- **AVAILABLE DATA**:

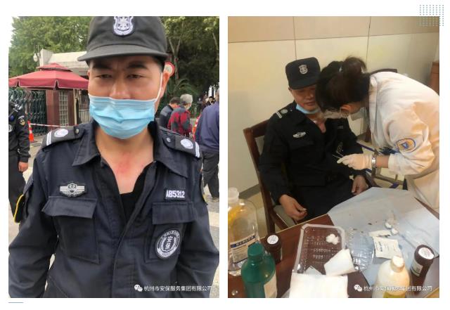 2021年10月19日上午,公司驻某医院安保班长徐丽卫同志接到医院入口处安保队员的汇报称,一位住院患者及陪同家属未持有效出院证明,企图擅自出院前往医院附属院区做检查,队员根据院方要求及规定进行阻拦并劝说,协商无果后请求班长支援。徐班长第一时间佩戴执法记录仪赶到现场协助沟通。过程中,患者及其家属情绪激动,不听任何劝阻执意往医院门口冲,徐班长见状张开双臂拦住患者前进,患者家属随即动手,上前撕扯徐班长衣服。徐班长躲避不及胸前被挖出两条深深的血印,但他却始终没有还手也没有放行,坚守文明执勤原则,耐心劝导直至保卫科领导和警务室人员到场处理此事。
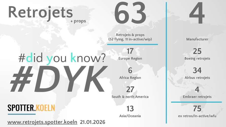 | 63 Retrojets | 52 aktiv | 11 in-aktiv/WIP
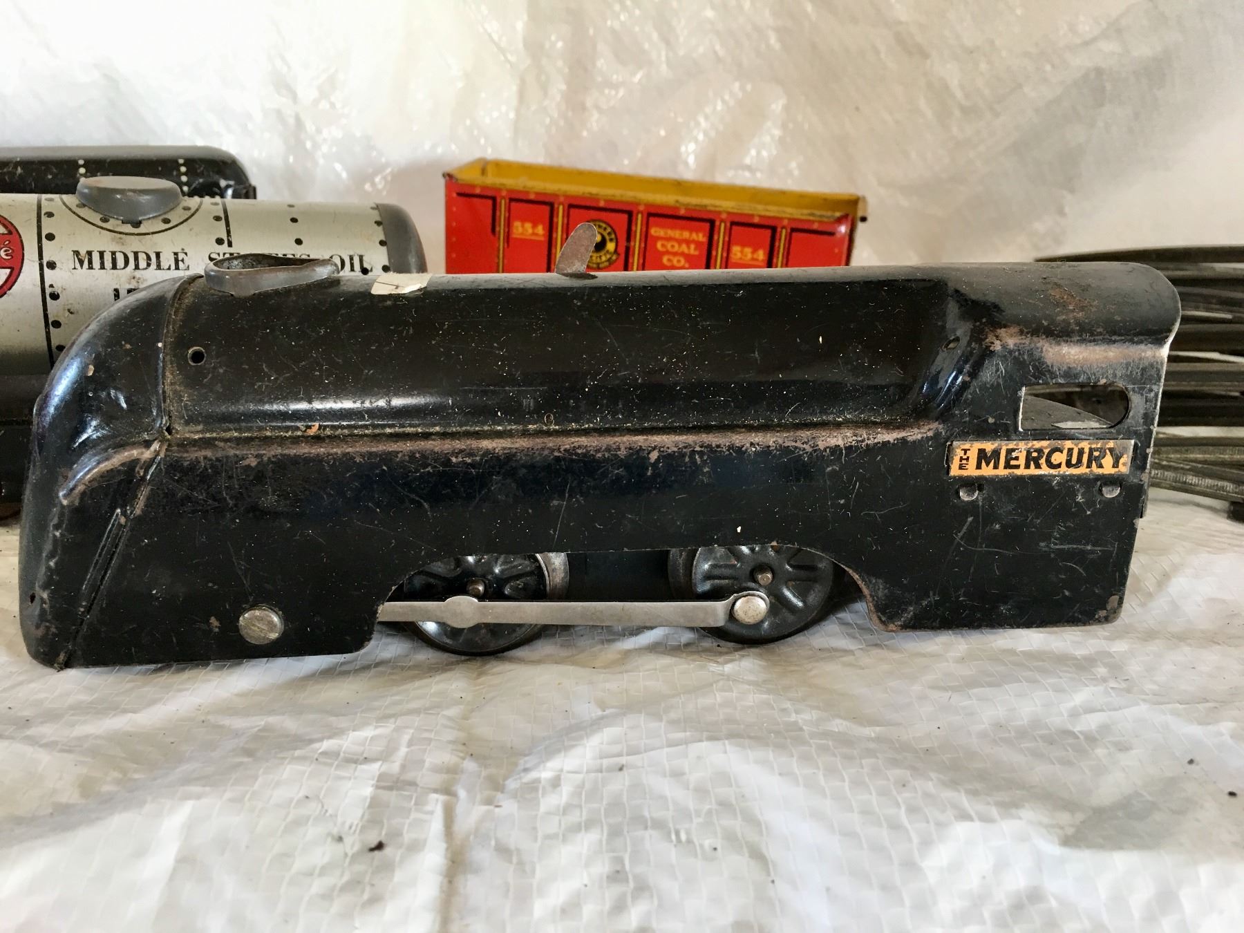 TOY TRAIN SET, 5 CARS, TRACK, FEATURES THE MERCURY ENGINE. CONDITION: G

- **PROMPT**: Leaving out the images, repeat the listing above exactly.

- **RESPONSE TO THE TASK**:
 2021年10月19日上午,公司驻某医院安保班长徐丽卫同志接到医院入口处安保队员的汇报称,一位住院患者及陪同家属未持有效出院证明,企图擅自出院前往医院附属院区做检查,队员根据院方要求及规定进行阻拦并劝说,协商无果后请求班长支援。徐班长第一时间佩戴执法记录仪赶到现场协助沟通。过程中,患者及其家属情绪激动,不听任何劝阻执意往医院门口冲,徐班长见状张开双臂拦住患者前进,患者家属随即动手,上前撕扯徐班长衣服。徐班长躲避不及胸前被挖出两条深深的血印,但他却始终没有还手也没有放行,坚守文明执勤原则,耐心劝导直至保卫科领导和警务室人员到场处理此事。
 | 63 Retrojets | 52 aktiv | 11 in-aktiv/WIP
 TOY TRAIN SET, 5 CARS, TRACK, FEATURES THE MERCURY ENGINE. CONDITION: G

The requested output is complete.